Residents were upset this week when Parks Department officials announced that the wooden planks of the Coney Island Boardwalk would likely be replaced with concrete. Brooklyn Borough President and stoop drinker Marty Markowitz wrote a letter to Parks Commissioner Adrian Benepe to try to dissuade them of changing the historic boardwalk: "We should not hastily turn our legendary Coney Island Boardwalk into just another concrete sidewalk. The last thing we want to do is take away one of the main reasons people come to Coney Island!"

Parks officials unveiled their $7.4 million plan to rebuild a five-block stretch of the Boardwalk in concrete at the Community Board 13 meeting this week, but indicated that they would recommend to the city that they redo most of Reigelman Boardwalk that way. It was met by irate disapproval from residents such as Ida Sanoff: "It is a boardwalk! It is not a sidewalk! It looks like crap...You're looking for the cheap way out and the easy way out. Not acceptable!"
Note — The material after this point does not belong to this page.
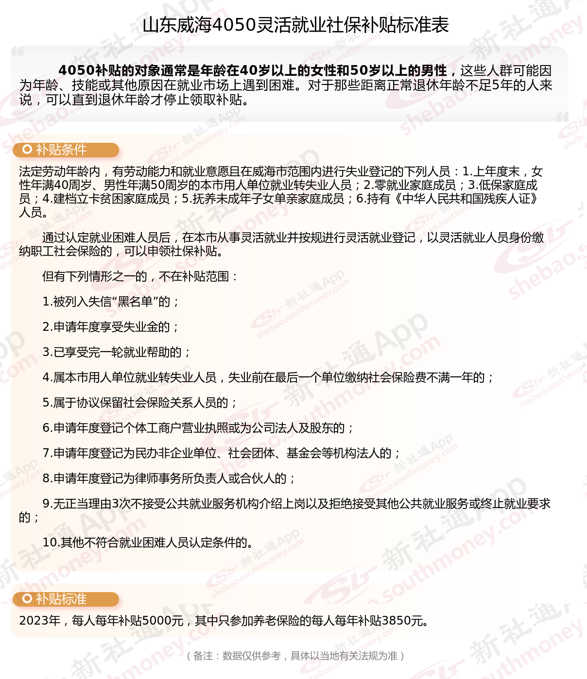 以上就是山东威海4050灵活就业社保补贴的相关内容,欢迎关注新社通/下载新社通APP了解更多五险一金专业资讯。

Parks Department spokeswoman Vickie Karp said the concrete would meet environmental standards set by Mayor Bloomberg, who ordered the Parks Department to reduce its use of wood in 2008. She added that certain parts of the boardwalk would retain the wood: "Coney Island Boardwalk will use wood in historic areas such as the front of the amusement park, and some of the most beautiful designs in concrete in other sections." But Markowitz thinks there should be other alternatives: "You can find other sustainable hardwoods out there besides tropical hardwoods. Cement doesn't do it."